My husband doesn’t like oatmeal raisin cookies at all, but I made these the other week (a real rarity in our house because I rarely bake – a batch makes too many sweets for two people!) and now he begs for me to make more! He’s an oatmeal raisin convert! They are the softest, moistest cookie I think I’ve ever had – the extra spices take them to the next level. The secret: soaking the raisins.
Note: this recipe requires soaking the raisins for 1 hour and refrigerating the dough for 45 minutes.
- 4 eggs, beaten
- 2 cups raisins
- 1 teaspoon vanilla extract
- 1 cup butter
- 1 cup packed brown sugar
- 1 cup white sugar
- 1 1/2 cups all-purpose flour
- 2 tsp ground cinnamon
- 1/8 tsp allspice
- 1/8 tsp cloves
- 2 teaspoons baking soda
- 2 cups rolled oats
- 1/2 cup chopped pecans (optional)
- Combine eggs, vanilla and raisins in a small bowl; cover and let stand for 1 hour.
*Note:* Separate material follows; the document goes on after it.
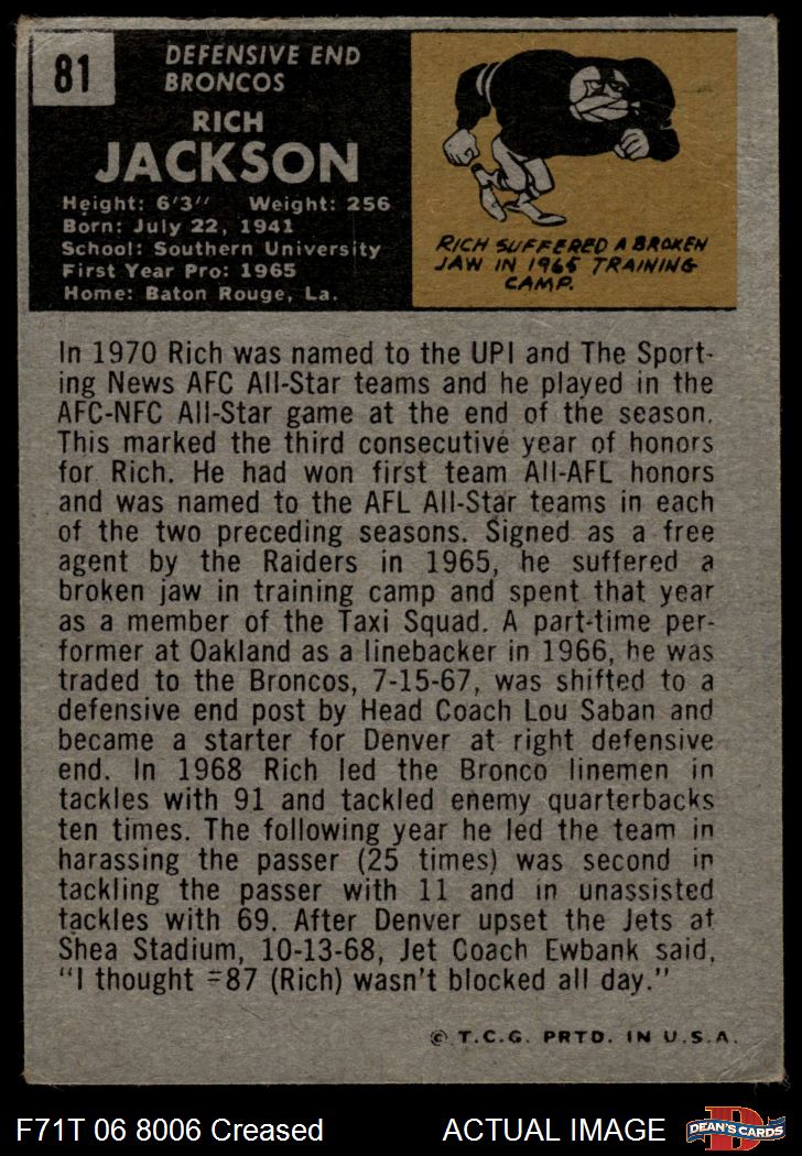 1971 Topps #81 Rich Jackson 2.5 - GD+

- In a large bowl or using stand mixer, cream the butter, brown sugar, and white sugar together. In a separate bowl, sift together the flour, cinnamon, and baking soda; gradually add to the creamed wet ingredients. Stir in the raisin/egg mixture, rolled oats, and nuts (optional). Cover and refrigerate for 45 minutes.
- Preheat oven to 350 degrees.
- Drop by rounded teaspoons onto ungreased/unprepared cookie sheet. Bake for 8-9 minutes, or until barely brown on top.